The rule would become effective on the date of its passage and comes at a time when multiple political figures across the U.S., including the sitting president, are in their eighties. President Joe Biden is 81 years old. Former House Speaker Nancy Pelosi of California is 84. Senate Minority Leader Mitch McConnell of Kentucky is 82.

The ballot measure would only apply to North Dakota candidates, which would be the first state to set age limits if the measure passes.

“I absolutely foresee this being appealed all the way to the U.S. Supreme Court,” said Sen. Brad Bekkedahl, R-Williston.

Chief Deputy Attorney General Claire Ness said it’s “hard to peg the dollar amount” that a legal challenge would cost.

“We could have a couple of different challenges to this lawsuit,” said Ness. ”We could have a facial challenge, so you could have somebody just challenge the statute as being unconstitutional on its face.”

Ness said there is already precedent from the U.S. Supreme Court on the issue that the secretary of state’s office would need to “overcome” if defending the case.
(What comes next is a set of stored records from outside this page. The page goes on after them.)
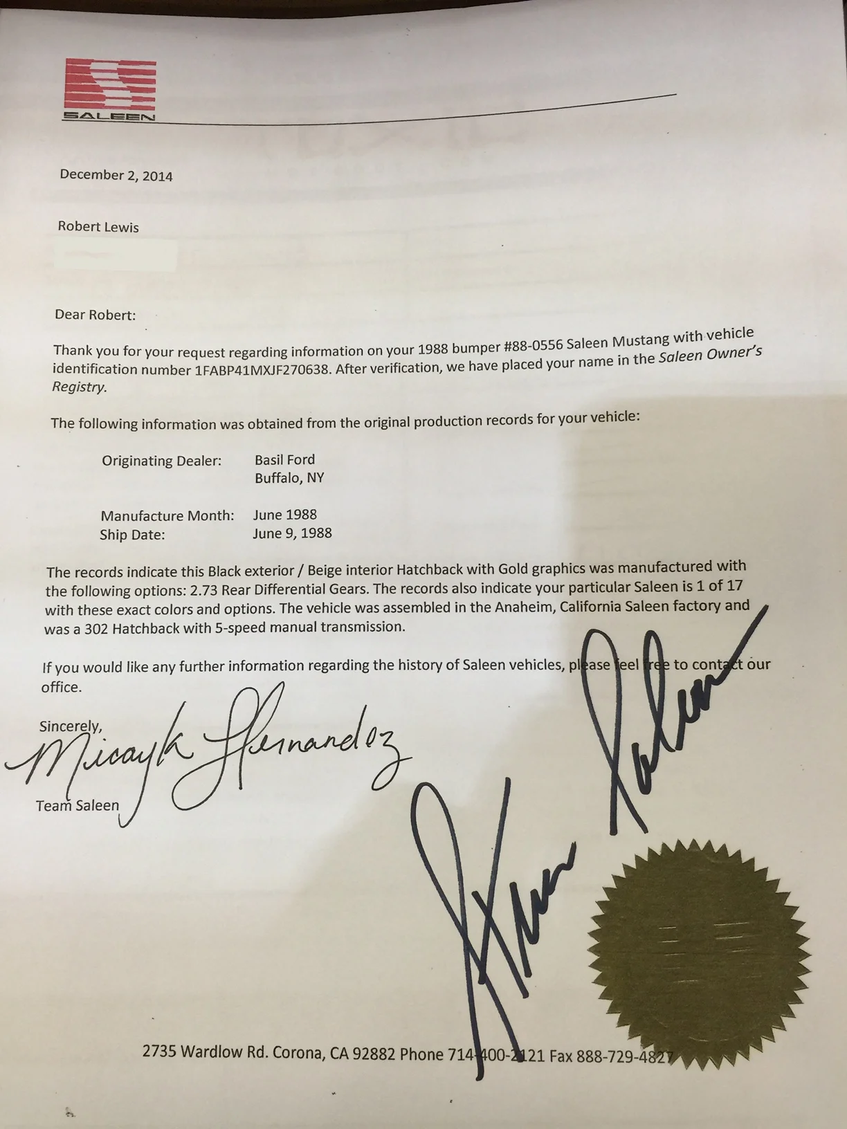 Bob Lewis '88 Saleen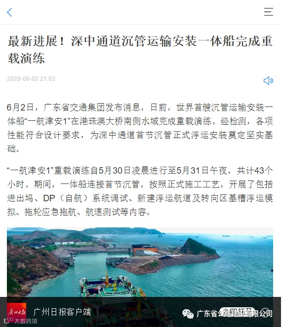近日,世界首艘沉管运输安装一体船“一航津安1”在港珠澳大桥南侧水域完成重载演练。经检测,各项性能符合设计要求,为深中通道首节沉管正式浮运安装打下坚实基础。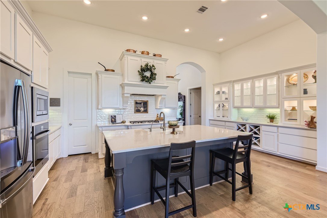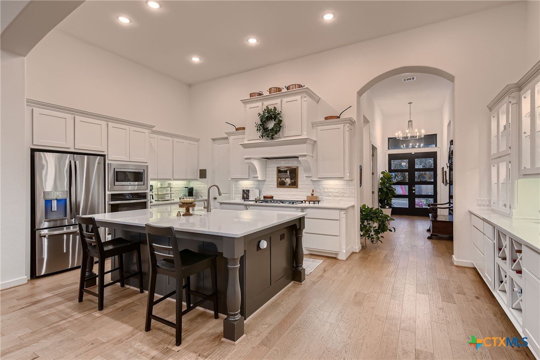 Over $150,000 worth of high-end upgrades have shaped this magnificent residence into the home of your dreams! Enviably set in the sought-after La Cima community, this stately brick abode is fronted by meticulous landscaping which elevates its stunning curb appeal. Through the glass-inlaid double doors, discover a luxurious modern interior enhanced by two-story ceilings, elegant light fixtures, and hardwood floors. A seamlessly flowing layout ensures effortless entertaining in the living and dining areas, adorned with a corner gas fireplace and expansive glass sliders for a vibrant indoor/outdoor lifestyle. A magazine-inspired kitchen treats you to a complement of stainless-steel appliances, custom cabinetry with trim lighting, a display hutch for your prized wine and chinaware, a walk-in pantry, and sleek quartz countertops extending to the oversized island. After a long day, retire to the comfortable proportions of the four stylish bedrooms, the grandest of which is the generous primary suite showcasing a window-side sitting alcove, a bespoke wardrobe, and a spa-like ensuite with an inviting soaking tub. Venture out to the expansive covered patio and fenced-in backyard ideal for hosting intimate celebrations. Other notables include a versatile lifestyle room, a study with a tailor-made bookcase, plantation-shuttered windows with commercial bronze framing, two tankless water heaters, oversized secondary bedrooms, 2 additional pantries, a whole-house WiFi mesh, an exterior natural gas hookup, a Soffit plug for Christmas lights, and an attached 3-car garage with retractable overhead storage and epoxy flooring. Enjoy access to top-notch communal amenities like multiple pools, sports courts, hiking trails, recreational centers, and a gym as well as neighborhood activities and events. Come grab this incredible opportunity before it passes you by!

“If there’s a loss in the district court level, so in the trial court, we would then need to appeal. In that case it’s difficult to assess the cost,” Ness said. “Most likely we would need to hire a special assistant attorney general, a SAG as you may have heard them called, and those costs could vary significantly depending on the issues that are raised, the legal issues that are raised by the other side, and the hourly rate of the SAG as well as whether or not it goes to appeals. So it would not be unforeseen to have this case, to defend a facial challenge, in the hundreds of thousands of dollars.”

Similar costs would apply if a candidate over the age limit wanted to challenge the measure in court, Ness said.